D'où la question : quand les gouvernements promettent des centaines de millions en rénovation des réseaux et des usines de traitement, quelle amélioration pouvons-nous espérer? Autrement dit, pourquoi aurions-nous des résultats plus heureux si nous recourons une fois de plus aux méthodes qui ont préparé nos inquiétudes actuelles? Le scepticisme est de rigueur, car l'eau, quelque soit le raffinement de la gestion qu'on lui applique, entend bien maintenir son indéfectible tendance à couler vers le bas. D'amont en aval.
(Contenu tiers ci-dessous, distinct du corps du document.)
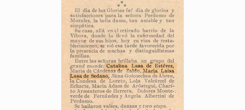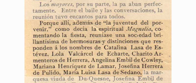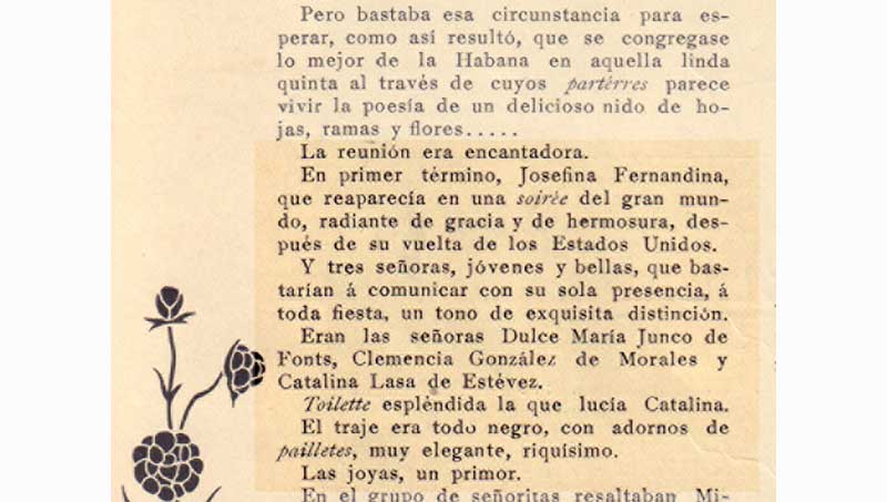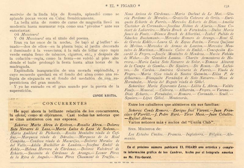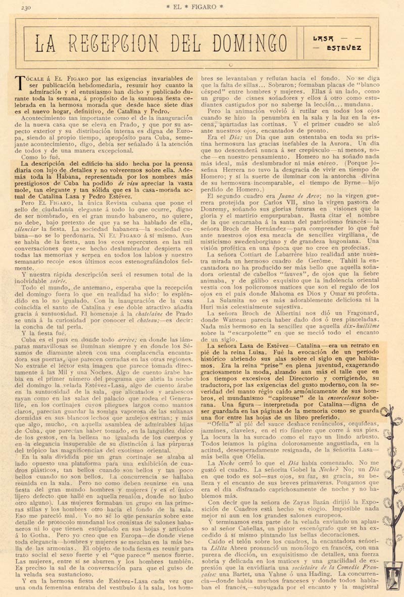 Pero EL FÍGARO, la única Revista cubana que pone el sello de ciudadanía elegante á todo lo que ocurre, digno de ser nombrado, en el gran mundo habanero, no quiere, no debe, bajo pretexto de que ya se ha hablado de ella, silenciar la fiesta. La sociedad habanera la sociedad cubana no se lo perdonaría. Ni EL FIGARO á sí mismo. Aun se habla de la fiesta, aun los ecos repercuten en las mil conversaciones que ese hecho deslumbrador despierta en todas las memorias v serpea en todos los labios y nuestro semanario recoje esos últimos ecos estenografiándolos fielmente.

Rien n'indique qu'elle veuille inverser son cours.

En vertu de ce principe, la pollution que l'on autorise en amont continuera à contaminer l'aval. Tant que notre agriculture productiviste à l'extrême, Bacon le film en témoigne, continuera à déverser ses poisons dans la nappe phréatique, les centaines de millions promis par les gouvernements ne pourront que financer à perpétuité des usines de traitement aussi insatisfaisantes que par le passé. L'eau, en effet, descend et elle entraîne dans sa course vers le bas la pollution encouragée en amont. S'il y a pollution à la tête des Grands Lacs, traiter l'eau à Montréal devient une tâche de plus longue durée que l'effort stérile de Sisyphe.
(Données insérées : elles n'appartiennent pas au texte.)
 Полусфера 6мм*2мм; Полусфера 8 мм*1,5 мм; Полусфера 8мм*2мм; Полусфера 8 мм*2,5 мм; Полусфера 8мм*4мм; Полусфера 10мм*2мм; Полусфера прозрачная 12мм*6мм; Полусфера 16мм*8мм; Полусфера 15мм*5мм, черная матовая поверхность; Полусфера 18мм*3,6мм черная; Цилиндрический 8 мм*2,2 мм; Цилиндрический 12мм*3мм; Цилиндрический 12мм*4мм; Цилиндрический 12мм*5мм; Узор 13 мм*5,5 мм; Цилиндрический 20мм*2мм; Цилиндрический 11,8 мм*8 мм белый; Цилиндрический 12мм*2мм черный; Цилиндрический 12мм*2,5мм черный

De la même manière, les sommes requises pour l'assainissement des eaux usées n'en finiront jamais de grever les budgets publics, à moins qu'un renouvellement du sens civique nous apprenne à économiser l'eau. Il est, en effet, bizarre que des gens pour qui la température constitue le principal sujet de conversation ne puissent pas constater par eux-mêmes qu'une sécheresse sévit et qu'il faille interdire par règlement des arrosages que le simple bon sens devrait condamner. Traiter 500 litres d'eau par personne par jour, alors que le véritable besoin d'eau potable tourne autour de dix litres, c'est à la fois puéril et masochiste.

Pour que, vague après vague, affolement après affolement, sévisse toujours cet infantilisme coûteux, il est permis de penser qu'il fait le bonheur de quelqu'un. Certainement le bonheur de ceux qui tiennent tellement au profit immédiat de leur exploitation agricole qu'ils en oublient de tenir compte des coûts et des risques sociaux et qu'ils n'évaluent même pas les dommages causés par la pollution au sol qui les fait vivre. Cet infantilisme coûteux profite également à une certaine industrie de l'épuration, ingénieurs compris, qui voit dans la pollution effectuée en amont un problème agréablement et interminablement rentable. Il semble même que beaucoup de nos gouvernants préfèrent se gargariser de promesses d'aide à l'épuration au lieu d'intervenir, par la recherche de nouvelles technologies et l'éducation du public, à la source des problèmes. L'amélioration qui semble se produire à propos des millions de pneus usés devrait pourtant instruire qui veut l'être : la consigne de quelques dollars imposée lors de l'achat de pneus est un bon exemple d'une intervention à la source.

Pourquoi un principe de physique élémentaire ne prendrait-il pas du service dans la gestion de l'eau? Un Galilée moderne ne pourrait-il pas dire, avant une nouvelle valse de centaines de millions : « Oui, mais l'eau coule... »?